:: Prompt ::
Two lines below mark the span: the one containing "The rings of" and the one containing "Записать и заучить". Set down both, plus every line between, exactly as they stand, and nothing else.

:: Data records ::
★ ★ ★

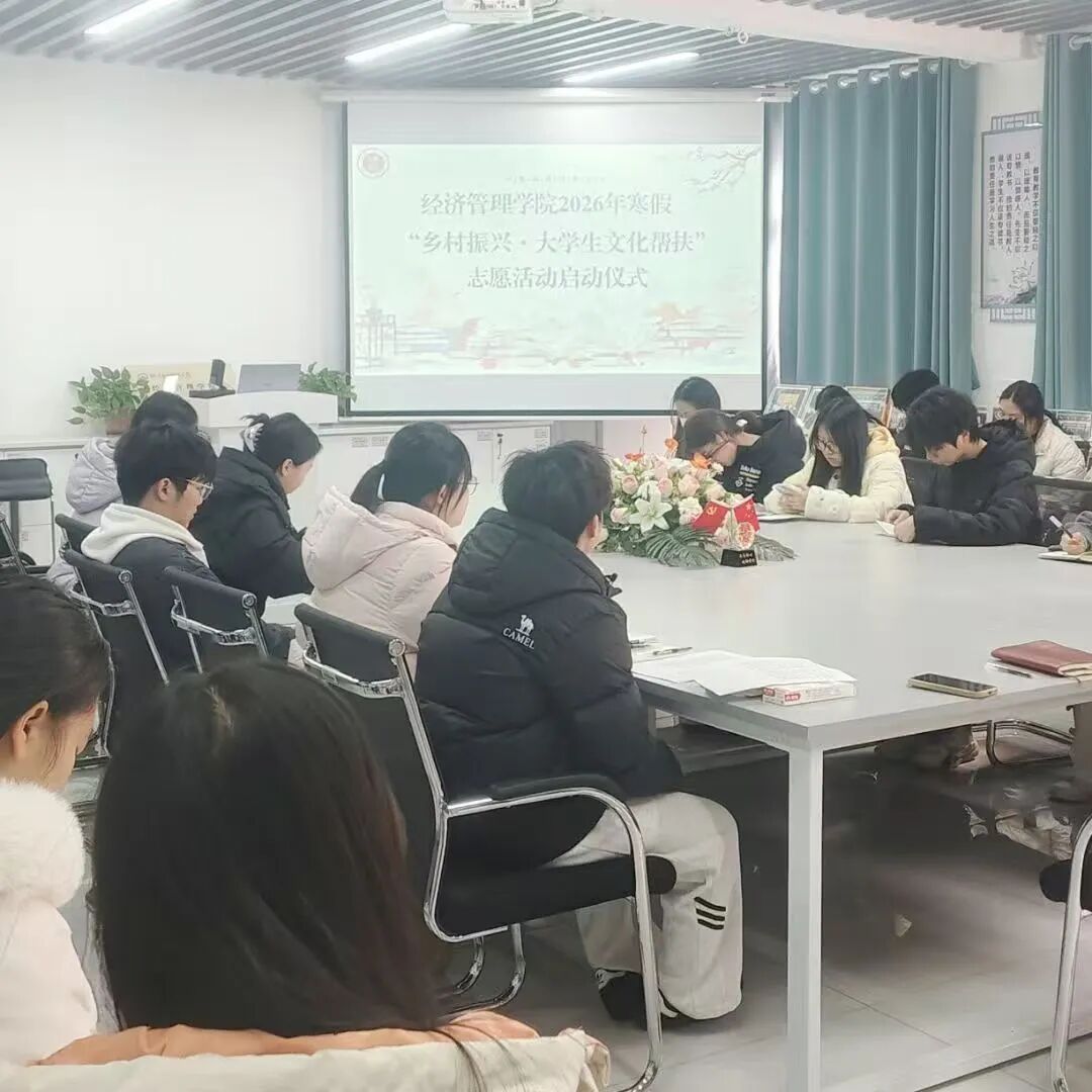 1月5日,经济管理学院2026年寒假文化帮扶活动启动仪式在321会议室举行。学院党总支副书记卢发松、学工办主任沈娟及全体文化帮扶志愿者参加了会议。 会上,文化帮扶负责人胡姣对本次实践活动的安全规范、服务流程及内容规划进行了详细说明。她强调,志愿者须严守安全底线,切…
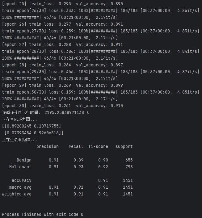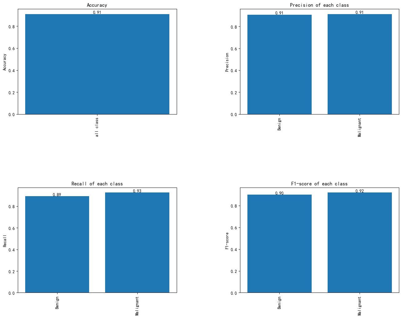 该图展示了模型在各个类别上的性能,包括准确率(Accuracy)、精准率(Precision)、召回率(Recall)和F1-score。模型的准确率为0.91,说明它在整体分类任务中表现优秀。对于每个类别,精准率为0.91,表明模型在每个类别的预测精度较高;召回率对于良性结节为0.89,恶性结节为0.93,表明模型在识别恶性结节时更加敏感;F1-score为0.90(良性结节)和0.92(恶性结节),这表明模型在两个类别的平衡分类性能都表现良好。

★ ★ ★

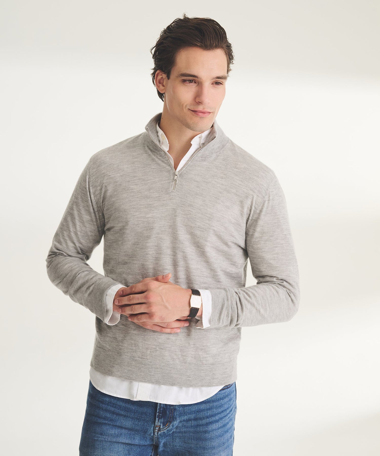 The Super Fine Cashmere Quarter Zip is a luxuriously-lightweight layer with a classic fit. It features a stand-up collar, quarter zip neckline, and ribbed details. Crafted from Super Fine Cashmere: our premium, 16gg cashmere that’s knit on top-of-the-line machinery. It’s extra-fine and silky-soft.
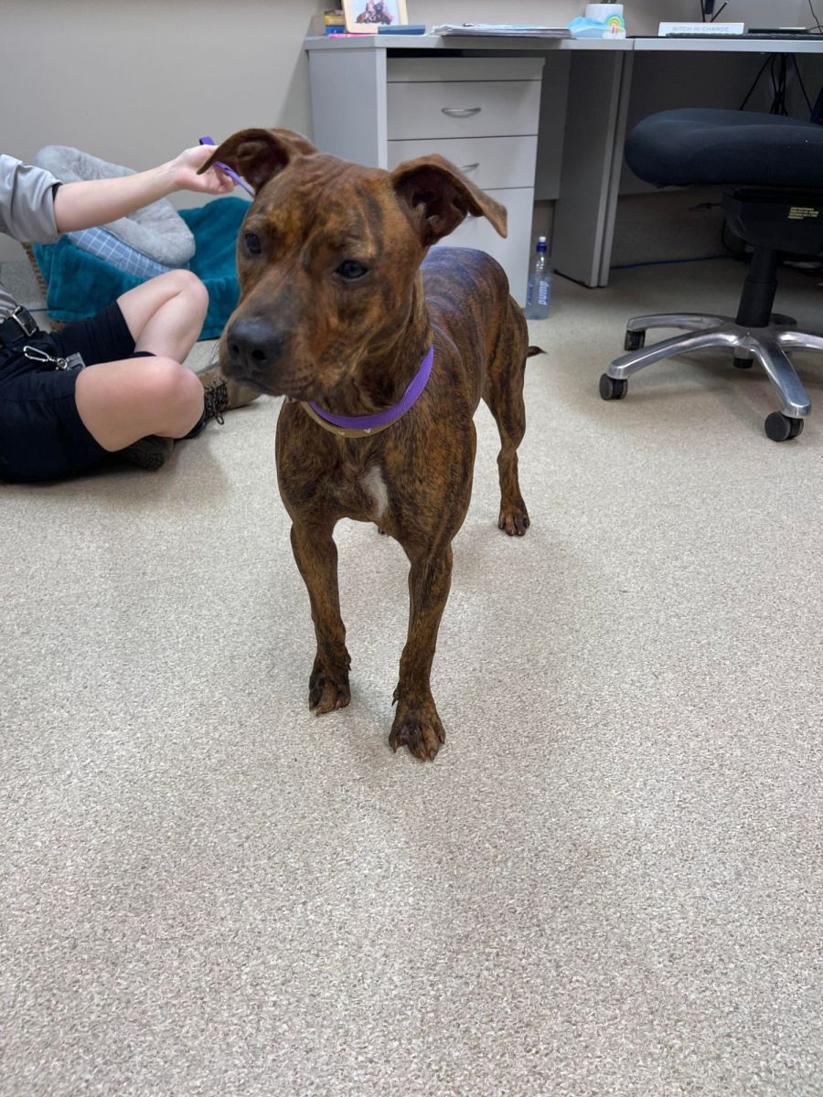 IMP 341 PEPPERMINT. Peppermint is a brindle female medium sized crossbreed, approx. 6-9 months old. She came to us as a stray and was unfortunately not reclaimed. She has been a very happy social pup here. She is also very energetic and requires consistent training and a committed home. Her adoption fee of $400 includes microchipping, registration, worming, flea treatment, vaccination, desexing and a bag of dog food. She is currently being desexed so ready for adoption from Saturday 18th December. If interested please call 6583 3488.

★ ★ ★

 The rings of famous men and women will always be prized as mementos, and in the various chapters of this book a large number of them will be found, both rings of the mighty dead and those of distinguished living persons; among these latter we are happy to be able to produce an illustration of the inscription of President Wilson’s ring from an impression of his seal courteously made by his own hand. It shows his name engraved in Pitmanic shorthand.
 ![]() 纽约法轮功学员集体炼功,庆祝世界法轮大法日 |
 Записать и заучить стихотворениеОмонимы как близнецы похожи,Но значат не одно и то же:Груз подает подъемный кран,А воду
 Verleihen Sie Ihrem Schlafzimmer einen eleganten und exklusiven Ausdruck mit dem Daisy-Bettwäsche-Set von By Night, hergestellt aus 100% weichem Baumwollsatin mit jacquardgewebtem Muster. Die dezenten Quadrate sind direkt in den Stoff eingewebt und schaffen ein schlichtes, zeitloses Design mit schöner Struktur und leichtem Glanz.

★ ★ ★

:: Written response ::
 The rings of famous men and women will always be prized as mementos, and in the various chapters of this book a large number of them will be found, both rings of the mighty dead and those of distinguished living persons; among these latter we are happy to be able to produce an illustration of the inscription of President Wilson’s ring from an impression of his seal courteously made by his own hand. It shows his name engraved in Pitmanic shorthand.
 ![]() 纽约法轮功学员集体炼功,庆祝世界法轮大法日 |
 Записать и заучить стихотворениеОмонимы как близнецы похожи,Но значат не одно и то же:Груз подает подъемный кран,А воду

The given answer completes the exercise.